このような過去の災害時における課題などを踏まえて、今後の展開をどのようにしてくか、国を挙げて取り組んでいます。
災害時の課題について
総務省では、平常時および災害時における、公共情報伝達のための、「デジタルサイネージプラットフォーム構築」について、議論をしています。
これは、災害時だけでなく、気象情報や、交通機関の運行状況など、平常時の情報伝達にも利用できるものです。
また、デジタルサイネージシステムは、これまでの専用システム(第1世代)から、ネットワークを活用した、遠隔制御型システム(第2世代)へ、さらに次世代WEB技術を適用した、第三世代のシステムへと進展しています。
この次世代技術では、文書のデザインのみならず、グラフィックスや通信、データベースなどの機能が標準化されて、全てのブラウザに標準実装されます。
これは、ブラウザがスマートフォン、タブレット、スマートテレビなど、様々なデバイス共通の、アプリケーションプラットフォームになり、デバイスごとのアプリケーションの作成は不要になります。
つまりは、それぞれのデバイスのディスプレイが、デジタルサイネージとして、機能するということになります。
今後も国では、デジタルサイネージを国際標準化推進の、重要分野の一つとして推進していく予定ですが、そのような、プラットフォームの整備が加速する中、情報ディスプレイ端末に関しても、避難所や帰宅困難者が集まる場所など、災害時利用を想定した、ハードウェアの研究開発が求められています。

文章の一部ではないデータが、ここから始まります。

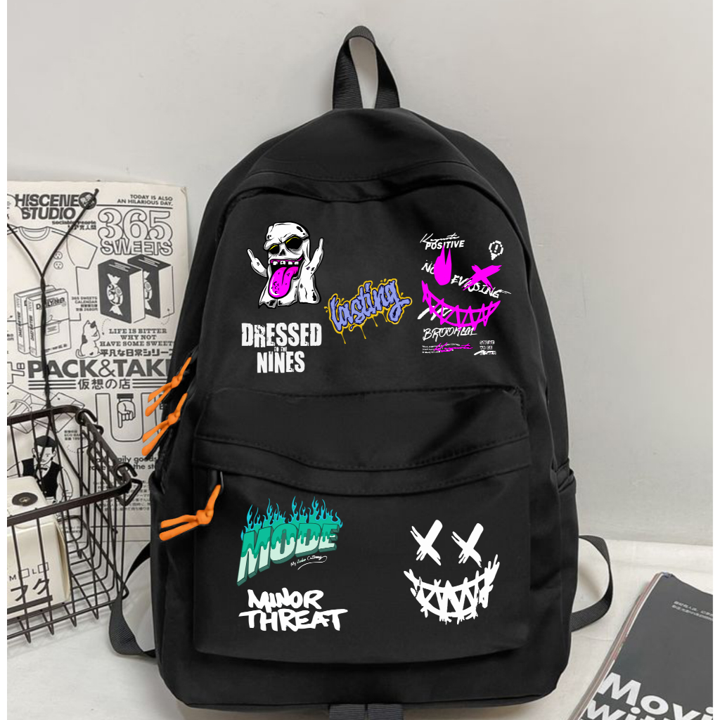 Tas Distro Ransel Anak Pelajar Sekolah Laki Laki SD SMP SMA Motif Black Metal Backpack Pria Dewasa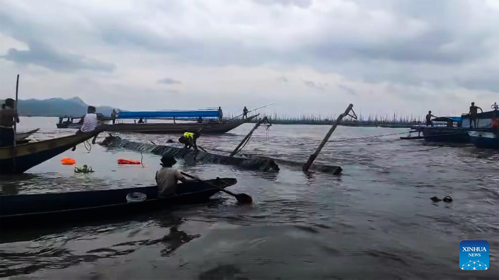 People try to rescue passengers from the capsized boat in Rizal Province, the Philippines on July 27, 2023. At least 21 people died after a passenger boat capsized in a lake in Rizal province, east of Manila, on Thursday afternoon, a spokesperson for the Philippine Coast Guard (PCG) and the police said. (Philippine Coast Guard/Handout via Xinhua)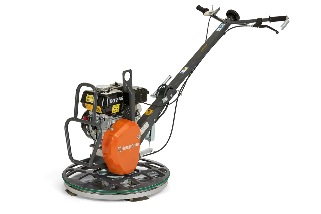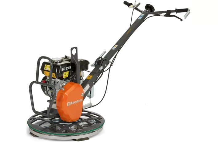 Husqvarna BG 245 je profesionalna gladilica za beton s benzinskim Honda GX120 motorom snage 2,6 kW. Opremljena je sklopivom ručkom za lako transportiranje i četiri kraka za učinkovito zaglađivanje betonskih površina. Sa promjerom propelera od 605 mm i težinom od 60 kg, osigurava ravnomjerno i precizno završno obrađivanje betona uz smanjene vibracije od 6,2 m/s².
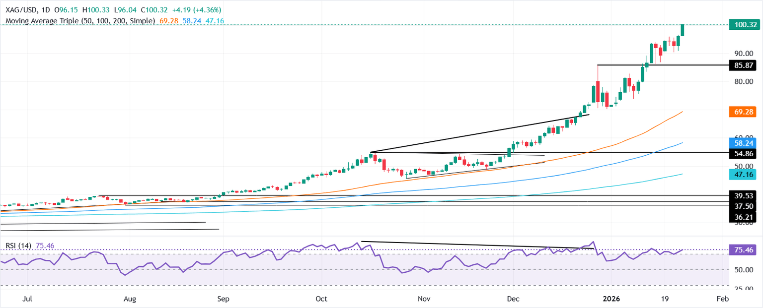 Los precios de la Plata (XAG/USD) alcanzaron el hito de 100.00$ el viernes, registrando un máximo histórico de 100.39$ antes de retroceder hacia la cifra de tres dígitos. El metal gris está registrando ganancias diarias de más del 4% después de rebotar desde mínimos diarios de 96.04$.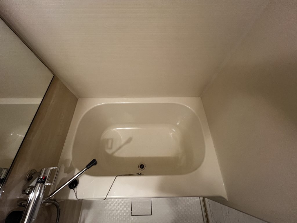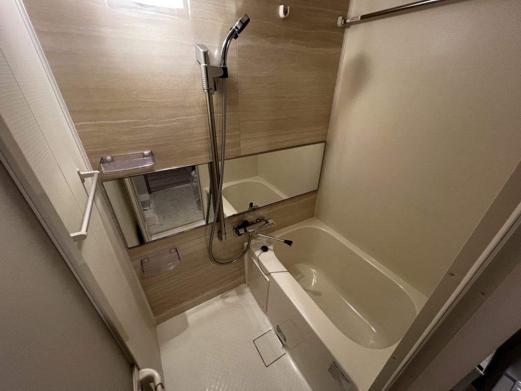 温かみのあるベージュ系の壁面パネルと白い浴槽が、落ち着いた雰囲気のバスルーム。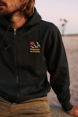 Featuring an embroidered graphic pulling inspiration from a vintage surf inn, the Sunset Zip Hoodie is made from an 80/20 cotton/polyester blend fleece with a vintage wash for endless comfort. Our Fleece has the perfect weight to be your favorite hoodie year-round.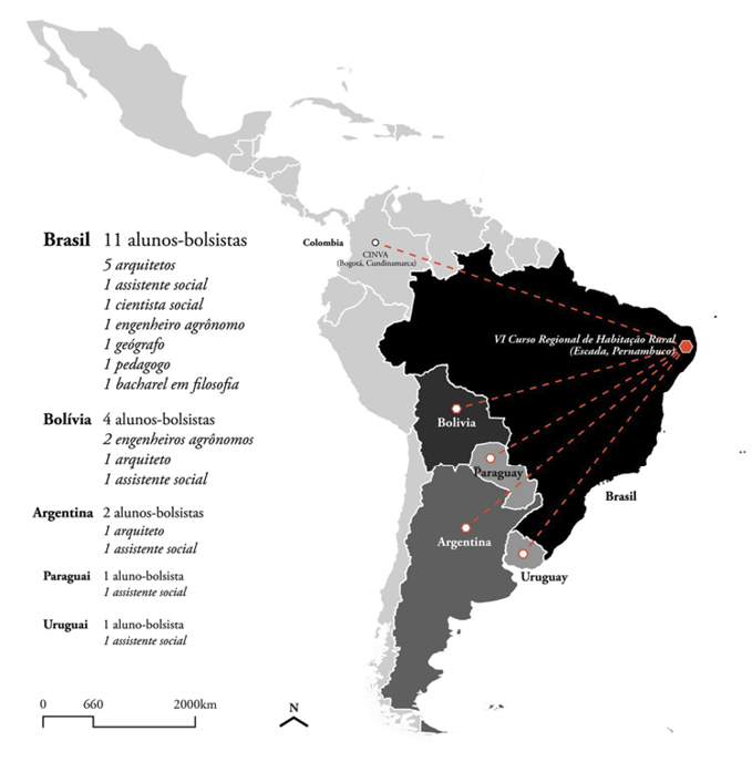 A origem nacional e a formação acadêmica dos alunos-bolsistas matriculados no curso evidenciam a extensão e complexidade das redes latino-americanas de difusão de ideias e saberes em planejamento territorial e programação habitacional. Serão os próprios professores brasileiros, egressos do CINVA e atravessados por aportes particulares acumulados ao longo de suas trajetórias individuais, que difundirão seus saberes e ideias para alunos argentinos, bolivianos, paraguaios, uruguaios e, também, brasileiros. O corpo discente apresentava um perfil multidisciplinar, compreendendo arquitetos, assistentes sociais, cientistas sociais, engenheiros agrônomos, geógrafos, pedagogos e outros (CINVA & SUDENE, 1966). Dessa forma, consolidou-se um ciclo de difusão do conhecimento que colaborou para a cristalização das redes latino-americanas dos campos e a projeção de suas ideias e saberes (Figura 6).

デジタルサイネージ用のディスプレイには、大型のものにはLED、プラズマ、プロジェクションなど、中・小型には、液晶ディスプレイが一般的には使用されています。
特に中型以上のものになると、消費電力が100W以上と大きく、省電力化が課題となっています。

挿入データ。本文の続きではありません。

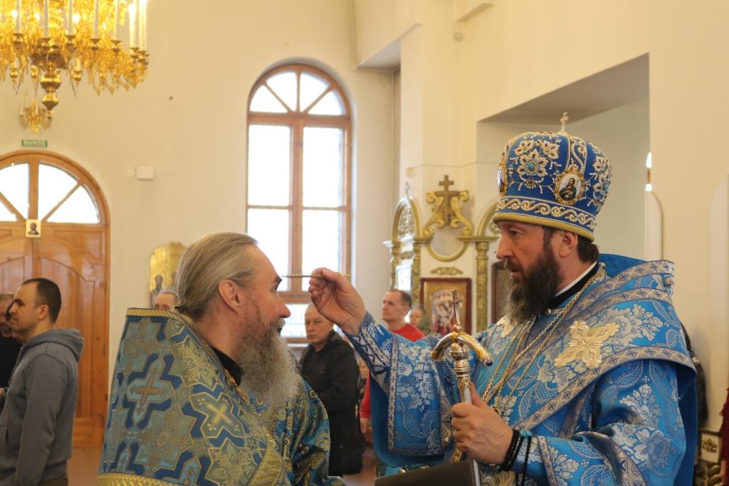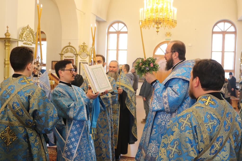 Его Преосвященству сослужили: ключарь собора иеромонах Никодим (Авдеев), клирики собора иерей Алексий Клепиков, иеромонах Силуан (Магилев), иерей Роман Подрезов, иерей Константин Дьяков, секретарь епархии диакон Илия Кван, протодиакон Андрей Дудник. Песнопения праздника Благовещения исполнял хор под управлением регента Н. Романцовой. За вечерним богослужением совершалась лития – сугубо моление с освящением пшеницы, хлеба, вина и елея.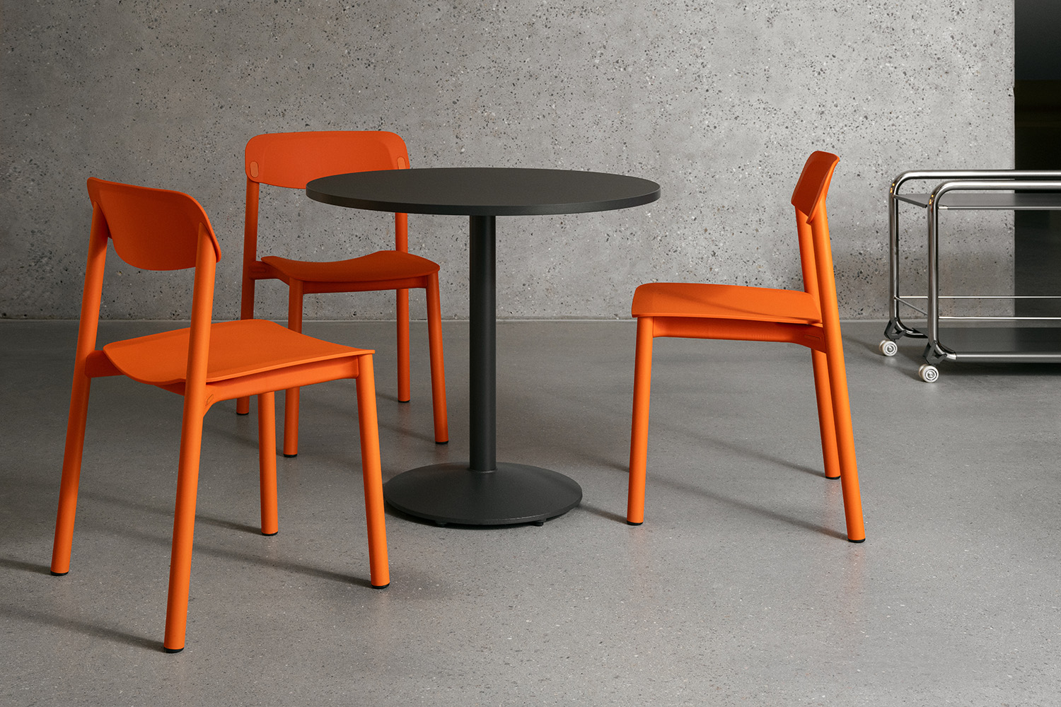 La chaise Penne peut être utilisée à l'intérieur comme à l'extérieur des bibliothèques. Son piètement est fabriqué à partir de tubes d'aluminium revêtus de poudre, tandis que l'assise et le dossier sont en chêne moulé, en frêne ou en polypropylène.

そのため、停電・節電時に対応した、デジタルサイネージの開発も進められ、太陽電池、蓄電池、風力発電機を備えたもの、あるいはデジタルサイネージを搭載した、自動販売機を用いた、災害情報伝達システムも実証、実用化されています。
今後さらに、視覚情報だけでなく、五感に訴えるものも開発され、高齢者や障がい者など、災害弱者にも有用な情報伝達手段としても、期待されていくでしょう。
まとめ
当初2020年に開催予定だった、東京オリンピック招致は、デジタルサイネージの普及を、さらに加速化させました。
災害時、緊急時には、平常時の広告や情報の提供システムを切り替え、場所と時間に応じた有用な情報を、的確にかつ効果的に提供できるように、低消費電力ディスプレイや、情報インフラの研究開発など、まだまだ課題は多くあります。
国を挙げたイノベーションに、期待が高まります。